I am building a model to predict if a user will purchase a subscription based on his/her read history, etc. (activity). I am using featuretools (https://www.featuretools.com/) to automate feature engineering and this is where it gets tricky:

How should I decide the cutoff time / window for my training data given that:

  • How long should the training window be 1 month, 6 months, etc?
  • Given that user activity may be different pre and post subscription, I should cutoff data for current subscribers based on when they subscribed (prevent leakage). But when I should I cutoff for non-subscribers?
feature_matrix, feature_defs = ft.dfs(entityset=es,
                                     target_entity="users",
                                     max_depth=2,
                                     agg_primitives=["sum", "std", "max", "min", "mean", "median", "count", "percent_true", "num_unique", "mode", 
                                                     "avg_time_between"],
                                     trans_primitives=["day", "year", "month", "weekday", "time_since_previous", "time_since", "is_weekend"],
                                     cutoff_time=cutoff_times,
                                     cutoff_time_in_index=True,
                                     training_window=ft.Timedelta(180,"d"),
                                     n_jobs=8, verbose=True)

Solution

  • How you decide the cutoff times for your training data will depend on the following:

    How long should the training window be 1 month, 6 months, etc?

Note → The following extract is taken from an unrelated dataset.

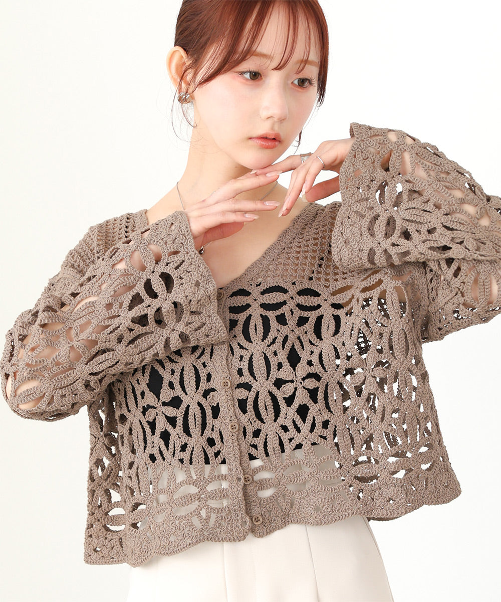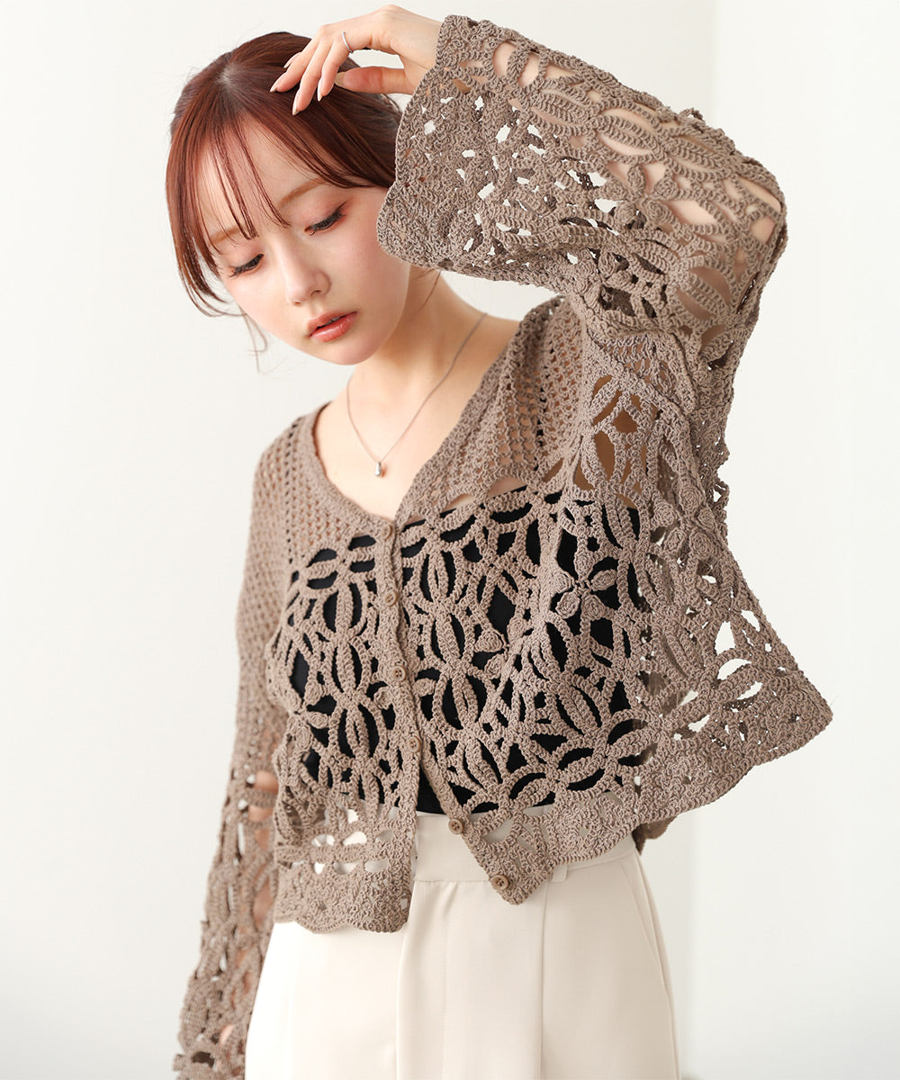 クロシェミックス編みカーディガン

    I think you can try different training window sizes to see which gives better results with the model.

    Given that user activity may be different pre and post subscription, I should cutoff data for current subscribers based on when they subscribed (prevent leakage). But when I should I cutoff for non-subscribers?

    I think you can pick them randomly or at times that are representative of when you’re going to use the model on those subscribers in the future.

    Our open source library Compose is ideal for structuring this labeling process. If you define your prediction problem in Compose, it will automatically select the negative examples based on how you define the prediction problem. It also has a parameterized prediction window to let you generate labels at specific times. Let me know if this helps.